Contracted workers clean heliostats at the Ivanpah Solar Project, a concentrating solar power facility in California’s Mojave Desert. Over 300,000 software-controlled mirrors track the sun in two dimensions and reflect the sunlight to boilers that sit atop three 459 foot tall power towers. July 26, 2017, Nipton, California. (Photo courtesy National Renewable Energy Lab) Public domain
By Sunny Lewis
WASHINGTON, DC, May 21, 2019 (Maximpact.com News) – Solar is already the world’s fastest-growing power generation source, and the solar future looks bright for the widescale adoption of solar power. As this decade nears a close, the national trade association for the U.S. solar industry has designated the next decade The Solar+ Decade.
The Solar Energy Industries Association (SEIA), with its members and allies across the energy spectrum, has set an ambitious goal: solar energy will generate 20 percent of all U.S. electricity by 2030.
To reach this target from the 2.5 percent that solar contributes today, solar, wind and storage must work together to transform a complex and interrelated world of markets, customers and electricity systems to build a strong Solar+ economy.
“It is incumbent upon us to create a shared clean energy vision,” said Abigail Ross Hopper, SEIA’s president and CEO. “It won’t be just the Solar Decade, but the Solar+ Decade where Solar + Storage, Solar + Grid Modernization, Solar + Wind, and Solar+ Overwhelming Public Support combine to define our nation’s clean energy future.”
To chart the industry’s course, SEIA is producing a roadmap to the Solar+ Decade that will set forth the policy, social, environmental and economic elements that must be in place to make solar a leading source of new power generation in the 2020s.
Over the next 10 years, the Solar+ Decade will be about collaboration and building the partnerships and expertise needed to overcome systemic challenges preventing the widescale adoption of solar.
The world’s largest solar thermal system is operating at the Ivanpah Solar Electric Generating System in California’s Mojave Desert.
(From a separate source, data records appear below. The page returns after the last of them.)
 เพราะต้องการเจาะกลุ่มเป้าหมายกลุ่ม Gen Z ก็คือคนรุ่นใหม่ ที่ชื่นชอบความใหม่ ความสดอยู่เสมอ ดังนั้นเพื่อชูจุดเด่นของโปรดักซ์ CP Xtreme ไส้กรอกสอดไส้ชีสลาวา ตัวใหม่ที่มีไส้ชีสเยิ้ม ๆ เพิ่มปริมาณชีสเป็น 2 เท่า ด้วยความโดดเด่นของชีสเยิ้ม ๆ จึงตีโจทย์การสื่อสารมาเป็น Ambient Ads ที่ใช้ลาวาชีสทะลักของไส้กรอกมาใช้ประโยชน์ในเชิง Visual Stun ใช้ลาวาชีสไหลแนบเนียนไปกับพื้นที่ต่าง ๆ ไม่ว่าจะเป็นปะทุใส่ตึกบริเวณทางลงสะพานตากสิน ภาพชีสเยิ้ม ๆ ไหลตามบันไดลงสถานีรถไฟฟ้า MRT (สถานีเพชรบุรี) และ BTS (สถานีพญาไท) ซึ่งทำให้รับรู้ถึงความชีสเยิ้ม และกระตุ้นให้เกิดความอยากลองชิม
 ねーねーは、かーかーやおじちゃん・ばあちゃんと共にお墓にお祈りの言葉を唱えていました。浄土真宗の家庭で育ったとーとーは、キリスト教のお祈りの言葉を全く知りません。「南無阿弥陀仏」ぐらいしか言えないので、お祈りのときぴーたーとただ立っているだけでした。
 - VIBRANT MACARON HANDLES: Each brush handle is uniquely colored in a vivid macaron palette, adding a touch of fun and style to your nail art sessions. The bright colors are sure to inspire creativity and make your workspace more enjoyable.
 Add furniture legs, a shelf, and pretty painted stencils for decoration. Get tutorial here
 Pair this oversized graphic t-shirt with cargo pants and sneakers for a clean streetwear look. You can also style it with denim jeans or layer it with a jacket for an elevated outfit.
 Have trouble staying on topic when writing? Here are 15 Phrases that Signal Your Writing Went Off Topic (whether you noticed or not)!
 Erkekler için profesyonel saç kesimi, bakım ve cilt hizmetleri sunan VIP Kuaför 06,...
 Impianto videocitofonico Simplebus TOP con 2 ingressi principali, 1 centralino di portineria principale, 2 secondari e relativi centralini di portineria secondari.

Ivanpah, which began commercial operation in 2013, delivers power to PG&E and Southern California Edison. The project is owned by a partnership consisting of NRG Energy, Bright Source Energy, Bechtel and Google. The 377 megawatt facility produces enough power to serve more than 140,000 homes in California during the peak hours of the day.
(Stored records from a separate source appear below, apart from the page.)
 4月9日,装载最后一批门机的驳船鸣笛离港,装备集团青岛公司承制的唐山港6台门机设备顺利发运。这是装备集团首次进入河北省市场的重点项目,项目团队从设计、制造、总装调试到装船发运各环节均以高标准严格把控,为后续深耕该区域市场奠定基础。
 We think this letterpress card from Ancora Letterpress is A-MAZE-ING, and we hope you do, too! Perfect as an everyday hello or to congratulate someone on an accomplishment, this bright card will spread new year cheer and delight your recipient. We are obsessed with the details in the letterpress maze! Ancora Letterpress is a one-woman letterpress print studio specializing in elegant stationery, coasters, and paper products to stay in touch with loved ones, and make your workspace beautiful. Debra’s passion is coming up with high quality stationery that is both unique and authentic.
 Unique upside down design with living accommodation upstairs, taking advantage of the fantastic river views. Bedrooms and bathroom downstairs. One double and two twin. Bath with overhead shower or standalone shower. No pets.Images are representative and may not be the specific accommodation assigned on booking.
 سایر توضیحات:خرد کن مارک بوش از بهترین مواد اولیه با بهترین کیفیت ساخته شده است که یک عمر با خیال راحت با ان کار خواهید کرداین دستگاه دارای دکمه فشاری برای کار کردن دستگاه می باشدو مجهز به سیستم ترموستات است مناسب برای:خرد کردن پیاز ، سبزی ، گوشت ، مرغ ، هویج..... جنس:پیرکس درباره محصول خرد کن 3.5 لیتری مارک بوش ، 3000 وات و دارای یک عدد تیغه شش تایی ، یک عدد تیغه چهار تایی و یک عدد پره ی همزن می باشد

Increasing solar generation from 2.5 percent today to 20 percent by 2030 could add more than US$345 billion into the U.S. economy and grow the workforce to 600,000 solar professionals, from nearly 250,000 today, the SEIA says.
“The goal is bold but achievable,” Hopper said. “If we hit 20 percent solar by 2030, we will prove that solving the climate challenge won’t hurt the economy, but instead will be one of the greatest economic growth opportunities in decades.”
This effort is challenging. To get there, the industry must reach an average annual growth rate of 18 percent and cost reductions across all market segments by nearly 50 percent. The industry will need to install an average of 39 gigawatts (GW) each year throughout the 2020s, including 77 GW in 2030 alone.
On May 15, Hopper testified on Capitol Hill before the House Science, Space, and Transportation Committee’s Subcommittee on Energy where she outlined the technical and market challenges the industry needs to overcome.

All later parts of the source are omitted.